Here’s every Russell T. Davies episode in a nutshell:
DOCTOR: Oh my gosh, people are being turned into aliens! (Talks very fast)
COMPANION: (Contributes nothing)
DOCTOR: I’m sorry. I’m so sorry.
(Everyone except the Doctor and the Companion gets killed or mutated or something)
DOCTOR: Wait, I know! Reverse the polarity of the framistan!
(Does so. Music swells to unbearable levels of kitsch. Everything is magically solved.)
DOCTOR: That was close!
(Token appearance of mysterious phrase that will be half-assedly explained in the finale.)
END.
DOCTOR: That was close!
(Token appearance of mysterious phrase that will be half-assedly explained in the finale.)
Sub in a Crack and you’ve got a good chunk of Season Five.
Sure, some of this stuff happened in S5, but there was a lot more going on as well. Whereas much of the Tennant run was literally NOTHING BUT what I just listed.
Also, the thing I hated the most about the Tennant era, the constant reliance on half-assed deus ex machinas, was mostly gone this past season.
I thought that most of Season 5 was the usual mixed bag I expect from Dr. Who… some good, some bad, some great ideas, some odd contrivances… but the beginning and end were AWESOME. Far better than any of Davies’s “big start/finish” episodes IMHO.
Oh and I liked that “Dream Master” or whatever he called himself episode.

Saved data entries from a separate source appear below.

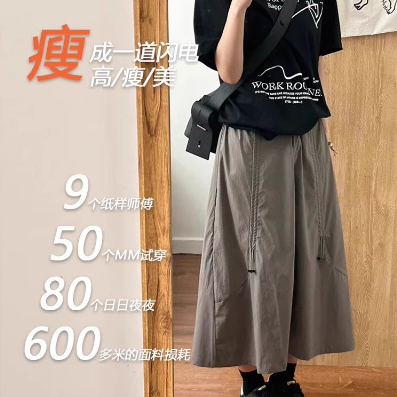 アメリカンレトロ巾着空挺部隊スカートファットmmハイウエストカバー股痩身カジュアルAラインワークウェアスカート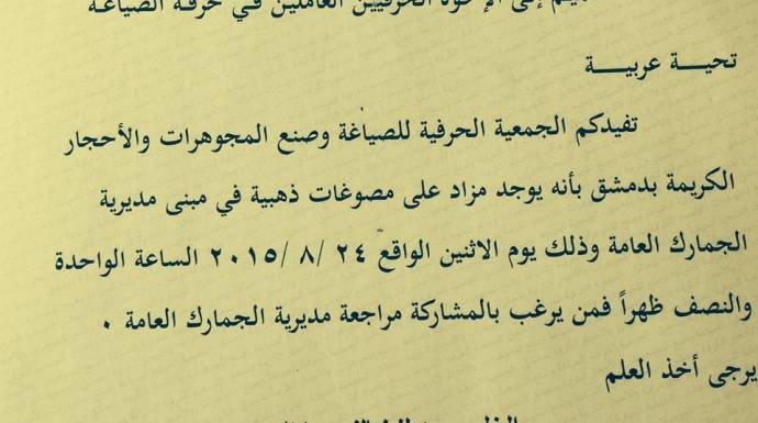 بدورها، عممت جمعية الصاغة بدمشق على حرفييها دعوة لمزاد على مصوغات ذهبية في مبنى مديرية الجمارك العامة يوم الاثنين 24/8/2015، الساعة الواحدة والنصف ظهراً. وتتطلب المشاركة مراجعة مديرية الجمارك العامة.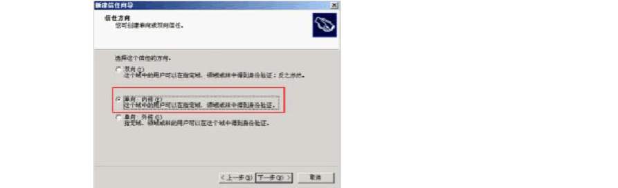(5)單擊“下一步”按鈕,同樣會打開如圖2-31所示對話框。同樣因為采用的是單獨創(chuàng)建信任方式,所以要選擇“只是這個域”單選項。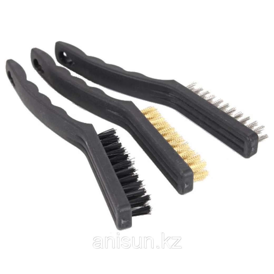 Набор больших металлических щеток MATRIX 3шт. 74863 - используется для грубой зачистки металлических поверхностей. Каждая щетка имеет стальную щетину в пластмассовых корпусах и удобные пластмассовые р еще→учки. Преимущества: Износоустойчивость щетины Комплект из 3 предметов Отверстия на ручках для удобного хранения в подвесном виде Комплектация: Набор больших металлических щеток 3 шт. Упаковка 1 шт.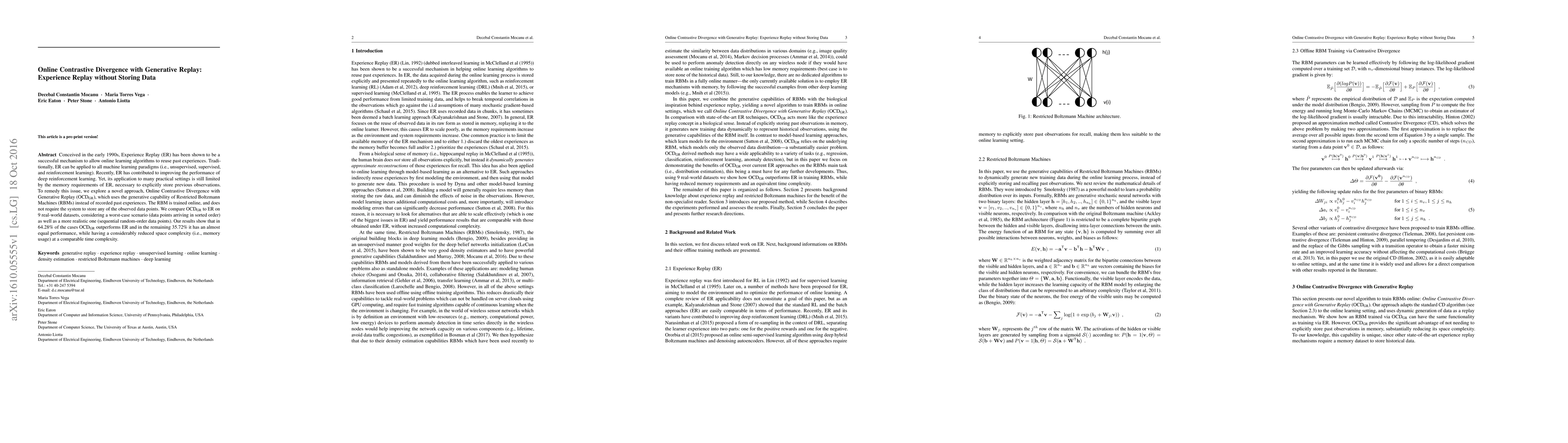 Conceived in the early 1990s, Experience Replay (ER) has been shown to be a successful mechanism to allow online learning algorithms to reuse past experiences. Traditionally, ER can be applied to all machine learning paradigms (i.e., unsupervised, supervised, and reinforcement learning). Recently, ER has contributed to improving the performance of deep reinforcement learning. Yet, its application to many practical settings is still limited by the memory requirements of ER, necessary to explicitly store previous observations. To remedy this issue, we explore a novel approach, Online Contrastive Divergence with Generative Replay (OCD_GR), which uses the generative capability of Restricted Boltzmann Machines (RBMs) instead of recorded past experiences. The RBM is trained online, and does not require the system to store any of the observed data points. We compare OCD_GR to ER on 9 real-world datasets, considering a worst-case scenario (data points arriving in sorted order) as well as a more realistic one (sequential random-order data points). Our results show that in 64.28% of the cases OCD_GR outperforms ER and in the remaining 35.72% it has an almost equal performance, while having a considerably reduced space complexity (i.e., memory usage) at a comparable time complexity.

And how perfect was that use of “something old, something new, something borrowed, something blue”? I mean, the TARDIS has been old, borrowed, and blue since the inception (there’s that word again) of the series… Moffatt just had to throw in a new TARDIS interior (the precedent for which had already been established) and bingo! Ingenious!
Oh, and has anyone tried that new set of “Ingenious” minigames by Knizia? They look interesting.
Janelle Monae is as hot to death as Matt Smith is criminally fucking boring. A young actor is fine, a young actor whose only settings are “emotional void” and “him and Karen Gillan are totally, totally hot for each other, no joke”, not s’much.
What gets me about Matt Smith is that he’s able to actually seem “alien” as opposed to “a rather weird human being.” It’s something not many Doctors have actually had.
Re: Animal Kingdom – MGK, do you mean when Smurf is in the car with Ezra?
In fact can they just have Janelle Monae be the doctor? Bam, two birds with one stone.
Animal Kingdom weird me out a little because a rather substantial amount of the movie is shot within locations two to three minutes walk from my apartment. Except for the parts that were shot outside my apartment.
All of which I never managed to notice.
I agree wholeheartedly on all the things except Matt Smith. Whether it’s Moffat’s writing, or Matt’s acting, I’m not 100% sure (although he’s missing my two favourite characteristics about the Doctor, his gravitas and dangerous destructive core ), but here’s a list of the 5 seasons best episodes IMHO.
Season 1
– The Empty Child/The Doctor Dances (Jack, and “Are you my mommy?”)
– Bad Wolf/The Parting of the Ways (Dalek fleet, and the GodLord of the Daleks)
Season 2
– Tooth and Claw (Torchwood beginning, the Queen)
– Doomsday (Daleks and Cybermen, and goodbye Rose, thank God)
Season 3
– Human Nature/Family of Blood (The Doctor/Human conundrum. The Horror of being the Doctor)
– Blink (Best Episode ever. Terrifying)
– The Sound of Drums/Last of the Time Lords (The Master is awesome. Loves me some Master)
Season 4 (This is my favourite season. I’ve learned to love Donna. The first of his companions to really stand up to him.)
– Fires of Pompeii (Donna standing up to the Doc. at the end)
– Planet of the Ood (Ood are scary. And the reversal at the end? Messed up.)
– The Unicorn and the Wasp (I like a good murder mystery and with the Doc in the middle?)
– Silence in the Library/Forest of the Dead (Books, Something from the shadows, and his wife)
– Midnight (I love a good one room box story, with humanities weakenesses on display)
Season 5
– The Beast Below (only time this season I really squirmed)
– The Lodger (The doctor trying to fit in. Excellent.)
– The Pandorica Opens/The Big Bang (Good end of season one.)
All this shows me is that Moffat/Matt Smith = Not riveting Doctor. I was never truly squirming or frightened this last season. The closest time was in The Beast Below.